Wall Street analysts are betting that BitGo’s push into full-service institutional crypto finance will not only fuel long-term growth but also position the company as a prime acquisition target for traditional finance firms.
Compass Point analyst Ed Engel, who has a buy rating on the stock, wrote that the firm’s services could be attractive to traditional firms looking to offer crypto products to their clients.
“We … view BTGO as an ideal M&A target for Wall Street companies expanding into crypto. BitGo offers a full suite of services that could be integrated into traditional prime brokers and new entrants could acquire BitGo to provide these solutions to clients,” the analyst wrote.
BitGo was one of the first digital asset firms to go public this year, providing custody and security services for digital assets, primarily catering to institutional clients. The IPO marked one of the first times public equity investors could gain direct exposure to crypto infrastructure, making BitGo the bridge between traditional finance and digital assets as more financial firms push deeper into the digital asset space.
The infrastructure play is one of the points Engel said could offer more upside, noting that investors are overly focused on its core custody business rather than BitGo’s “opportunity to cross-sell prime services.” The analyst went as far as comparing it to Galaxy (GLXY) and Coinbase’s (COIN) prime brokerage services and noting that Galaxy’s average revenue per trading counterparty is “~6x BitGo’s, implying significant upside,” for BitGo, if the firm is able to ramp up its services.
‘Attractive’ take over target
The company’s competitive advantage and acquisition potential were echoed by at least one other Wall Street investment bank’s analyst.
“We believe BitGo’s competitive moat is solid, but more importantly we believe the company could make an attractive time-to-market asset for major Tradfi players looking to enter this market in an expedited manner,” said Canaccord Genuity in a note.
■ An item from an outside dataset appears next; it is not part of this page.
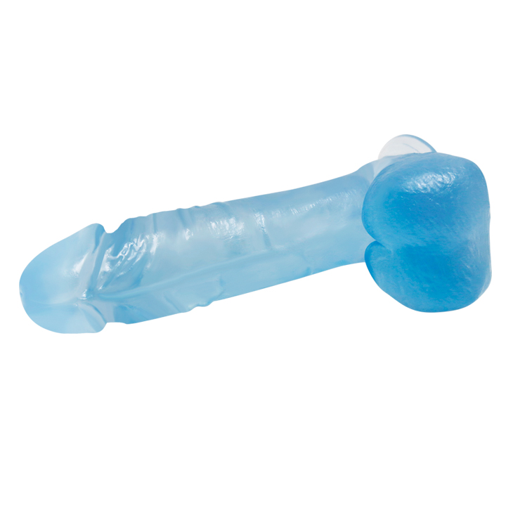 Прозрачно-голубой фаллоимитатор сделан из мягкого желеобразного материала.

The analyst has a $15 price target and a buy rating on the stock.
BitGo’s acquisition potential isn’t without precedent.
In May 2021, Galaxy Digital said it agreed to buy the firm for $1.2 billion, but later abandoned the deal after Galaxy said BitGo had failed to provide financial statements by a deadline at the end of July. With the stock being public, those concerns may no longer be an issue.
BitGo’s stock has dropped more than 40% since the company set its January IPO at $18 per share, now trading near $10.26. Meanwhile, bitcoin has declined about 24% year-to-date, Galaxy fell about 9% and Coinbase tumbled nearly 30% amid a broader crypto market selloff.
The IPO valued the firm at $2 billion, but after the recent selloff, the stock’s market cap is currently about $1.24 billion, bringing it closer to the valuation near the failed Galaxy deal.
However, Canaccord sees BitGo’s underperformance as an overreaction by the market. “BTGO shares… have reacted much more severely than any shorter term P&L trajectory weakness might warrant,” the investment bank’s analyst said, defending the stock.
BitGo currently has 10 analysts covering the stock, with nine buy ratings and one hold rating, according to FactSet data. Analyst price targets range from $12 to $18 per share, implying the stock could still rise by 17% to 75% from current prices.